## EXERCISE MATERIALS

===

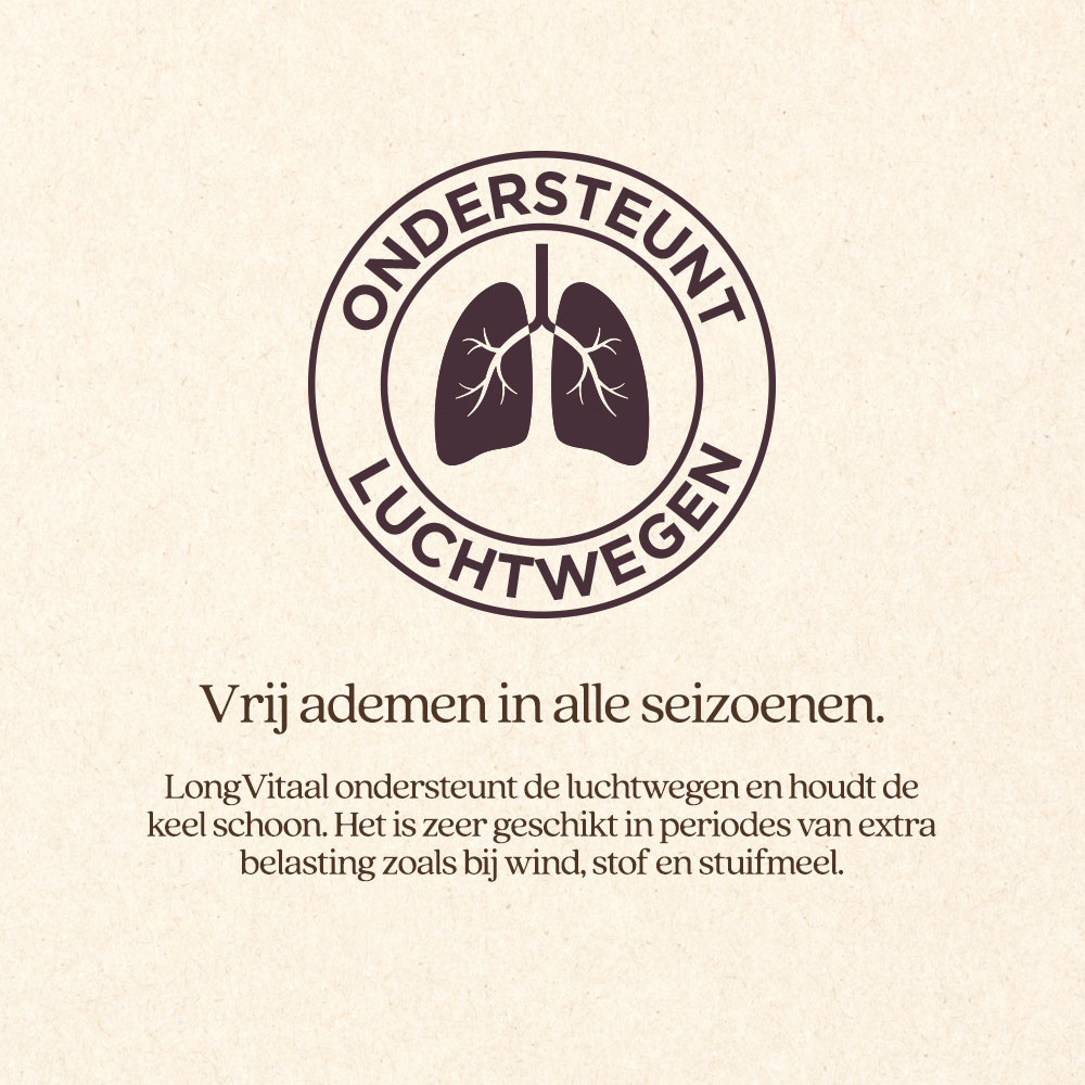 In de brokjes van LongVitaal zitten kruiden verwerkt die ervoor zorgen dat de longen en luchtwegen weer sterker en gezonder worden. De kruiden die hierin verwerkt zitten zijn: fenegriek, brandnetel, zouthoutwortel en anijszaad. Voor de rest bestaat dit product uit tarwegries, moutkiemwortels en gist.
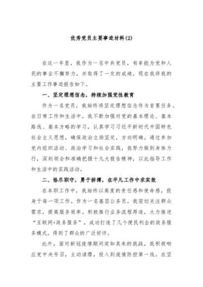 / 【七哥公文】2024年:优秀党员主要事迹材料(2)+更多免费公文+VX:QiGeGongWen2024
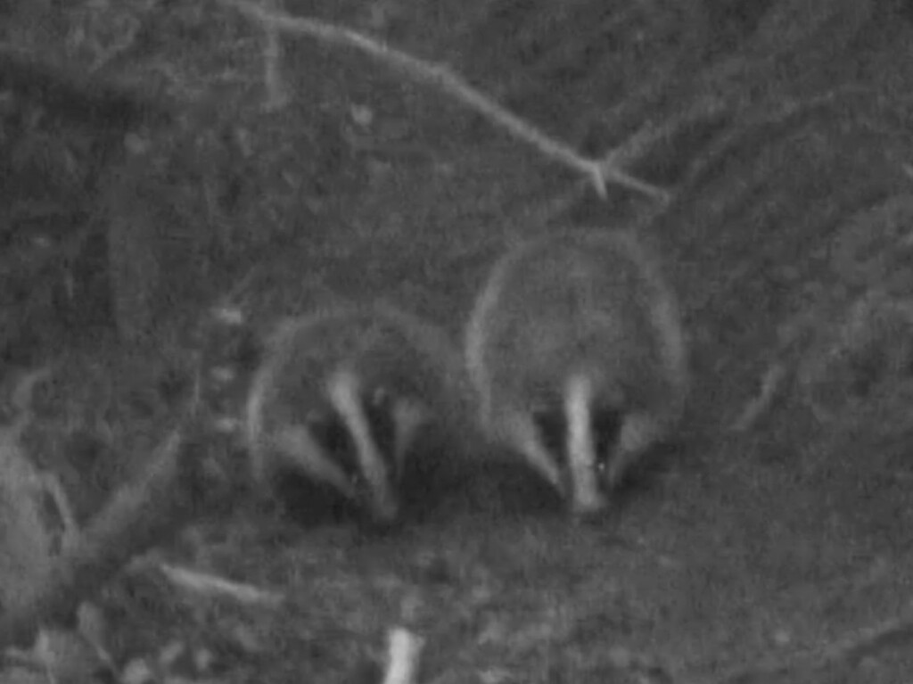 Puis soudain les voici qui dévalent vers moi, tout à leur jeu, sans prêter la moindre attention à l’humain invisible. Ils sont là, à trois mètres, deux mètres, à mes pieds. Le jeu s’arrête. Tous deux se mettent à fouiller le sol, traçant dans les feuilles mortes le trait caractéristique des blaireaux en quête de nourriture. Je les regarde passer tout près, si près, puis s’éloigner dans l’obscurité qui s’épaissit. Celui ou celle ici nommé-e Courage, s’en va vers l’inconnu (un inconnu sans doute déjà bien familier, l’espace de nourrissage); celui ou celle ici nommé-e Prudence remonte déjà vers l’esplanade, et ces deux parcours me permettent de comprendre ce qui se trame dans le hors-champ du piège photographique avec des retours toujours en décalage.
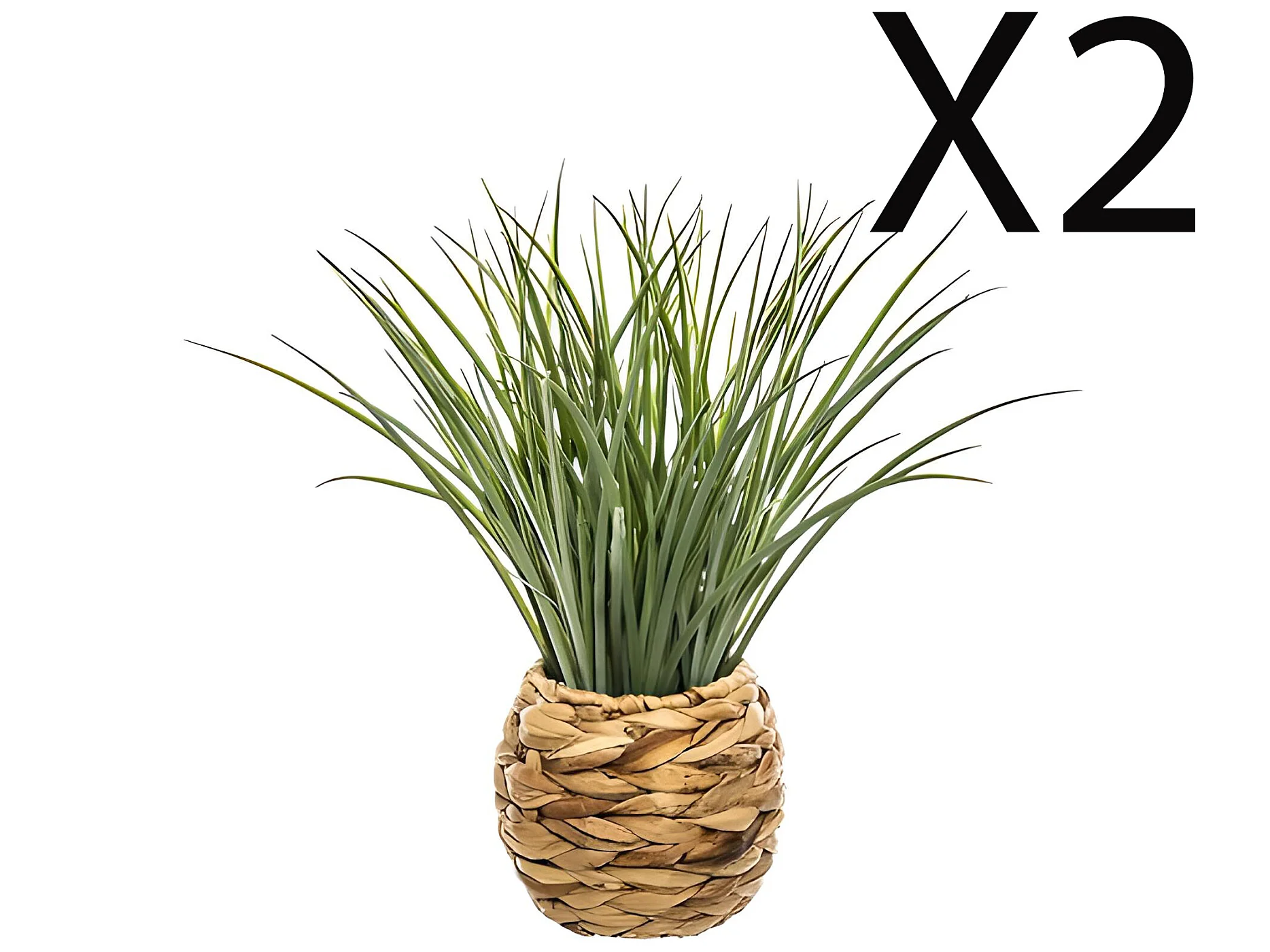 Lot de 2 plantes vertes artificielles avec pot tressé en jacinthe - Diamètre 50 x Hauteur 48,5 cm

===

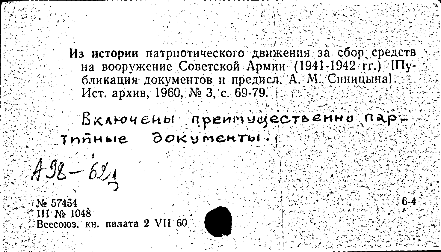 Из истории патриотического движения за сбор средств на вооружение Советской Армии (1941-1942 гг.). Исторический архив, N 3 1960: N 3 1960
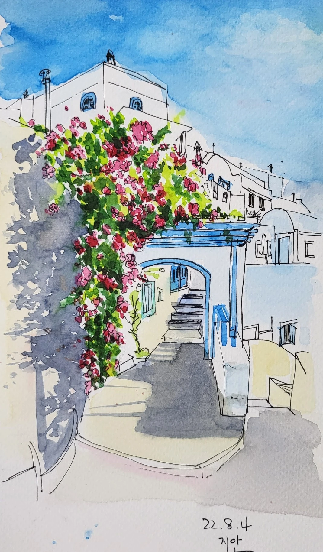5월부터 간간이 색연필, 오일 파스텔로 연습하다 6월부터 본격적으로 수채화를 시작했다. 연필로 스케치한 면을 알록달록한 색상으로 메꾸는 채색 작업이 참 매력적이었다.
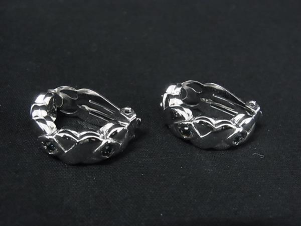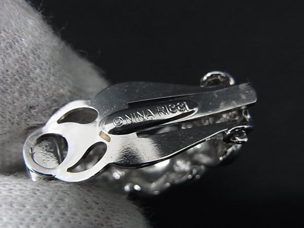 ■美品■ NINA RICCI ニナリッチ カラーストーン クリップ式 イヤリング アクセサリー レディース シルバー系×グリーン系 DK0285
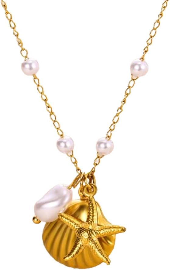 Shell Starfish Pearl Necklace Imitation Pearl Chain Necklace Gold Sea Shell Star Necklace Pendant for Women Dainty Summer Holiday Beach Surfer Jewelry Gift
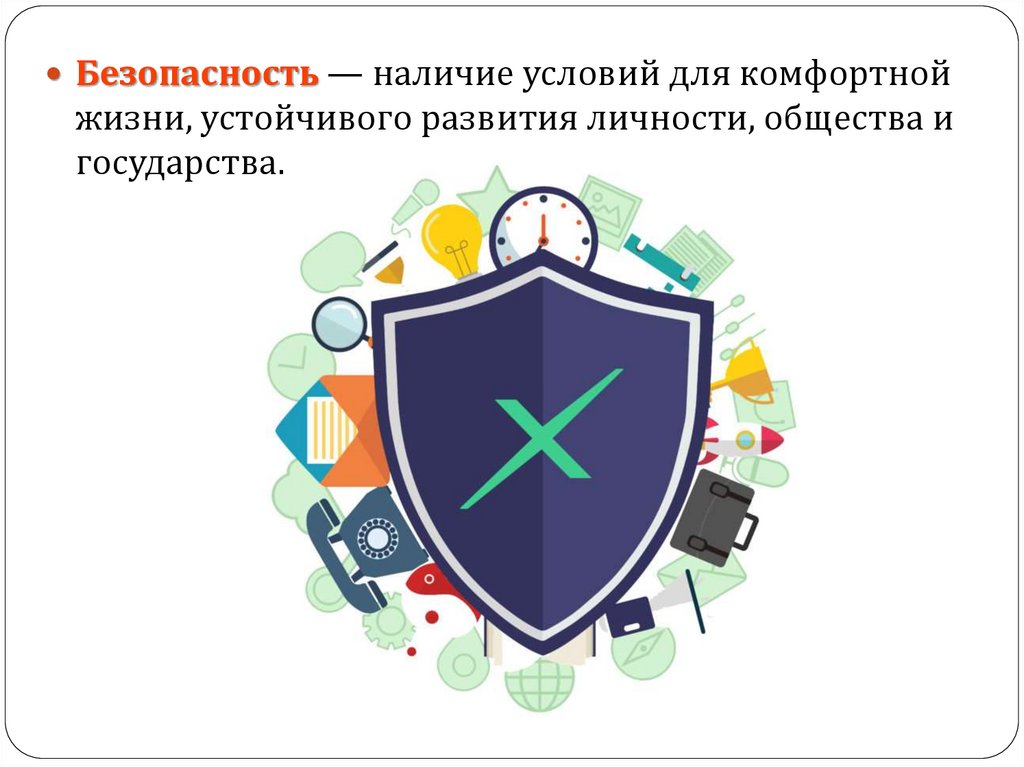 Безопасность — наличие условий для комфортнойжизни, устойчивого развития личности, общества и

===

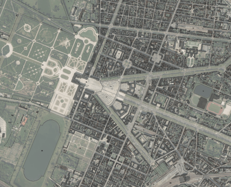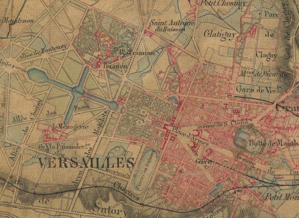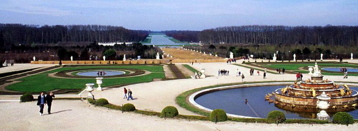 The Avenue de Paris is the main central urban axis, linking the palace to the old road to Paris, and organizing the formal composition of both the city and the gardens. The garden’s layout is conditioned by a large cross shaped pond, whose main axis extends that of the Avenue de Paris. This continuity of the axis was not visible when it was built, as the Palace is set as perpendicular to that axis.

===

## INSTRUCTIONS TO FOLLOW
Look above for the line with "5월부터 간간이 색연필, 오일" and the line with "Безопасность — наличие", then copy exactly the lines from the first through the second, both kept, with no pictures.

## ANSWER TO THIS EXERCISE
5월부터 간간이 색연필, 오일 파스텔로 연습하다 6월부터 본격적으로 수채화를 시작했다. 연필로 스케치한 면을 알록달록한 색상으로 메꾸는 채색 작업이 참 매력적이었다.
 ■美品■ NINA RICCI ニナリッチ カラーストーン クリップ式 イヤリング アクセサリー レディース シルバー系×グリーン系 DK0285
 Shell Starfish Pearl Necklace Imitation Pearl Chain Necklace Gold Sea Shell Star Necklace Pendant for Women Dainty Summer Holiday Beach Surfer Jewelry Gift
 Безопасность — наличие условий для комфортнойжизни, устойчивого развития личности, общества и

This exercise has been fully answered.